» INPUT DATA:

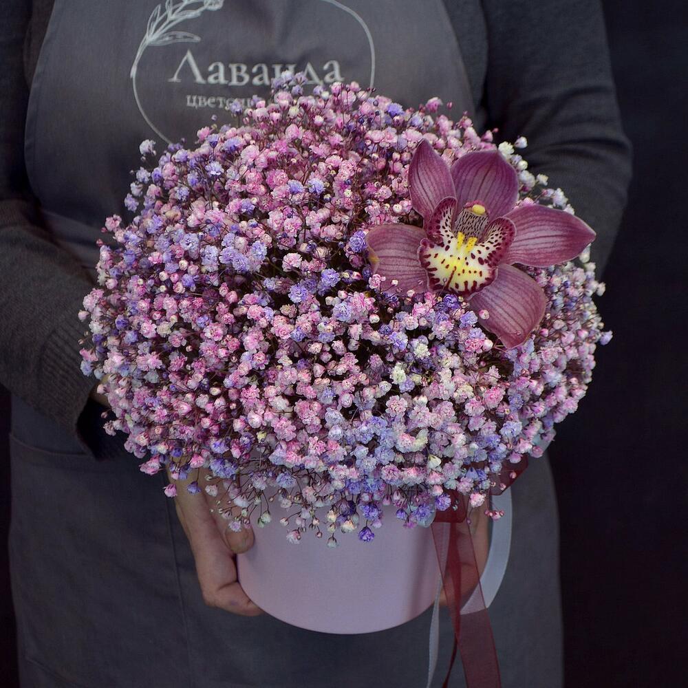 Шляпная коробка – 1 шт.орхидея – 1 шт.гипсофила разноцветная – 9 шт.
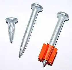 Powder-actuated fasteners are made of special heat-treated steel; common nails are unsafe for this application. There are many specialized fasteners designed for specific applications in the construction and manufacturing industries.
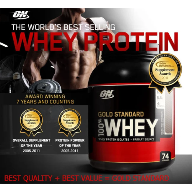 Самий відомий в Україні протеїн від американського виробника Optimum Nutrition, заслужив він свою славу більше рекламою ніж якістю, як багато хто думає. Насправді так, 100% Whey Gold Standard, непоганий але є повно інших виробників такої ж чи навіть кращої якості за нижчою ціною. Якщо коротко, Голд Стандарт - це протеїн основа якого входить сироватковий ізолят, і концентрат. Протеїн не містить лактози та відмінно підходить для набору сухої м'язової маси або схуднення.
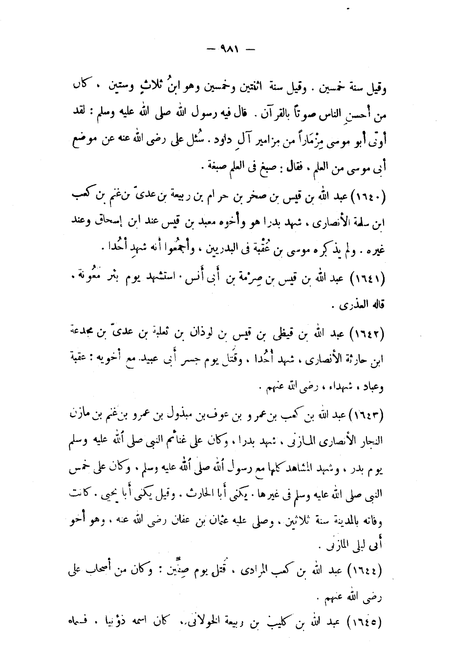 (١٦٤٣) عبد الله بْن كَعْب بن عمرو بن عوف بن مبذول بن عَمْرو بْن غنم بْن مازن النجار الأَنْصَارِيّ المازني،

» ASSIGNMENT: When you copy the data, keep every line exact and drop the pictures.

» TASK SOLUTION:
 Шляпная коробка – 1 шт.орхидея – 1 шт.гипсофила разноцветная – 9 шт.
 Powder-actuated fasteners are made of special heat-treated steel; common nails are unsafe for this application. There are many specialized fasteners designed for specific applications in the construction and manufacturing industries.
 Самий відомий в Україні протеїн від американського виробника Optimum Nutrition, заслужив він свою славу більше рекламою ніж якістю, як багато хто думає. Насправді так, 100% Whey Gold Standard, непоганий але є повно інших виробників такої ж чи навіть кращої якості за нижчою ціною. Якщо коротко, Голд Стандарт - це протеїн основа якого входить сироватковий ізолят, і концентрат. Протеїн не містить лактози та відмінно підходить для набору сухої м'язової маси або схуднення.
 (١٦٤٣) عبد الله بْن كَعْب بن عمرو بن عوف بن مبذول بن عَمْرو بْن غنم بْن مازن النجار الأَنْصَارِيّ المازني،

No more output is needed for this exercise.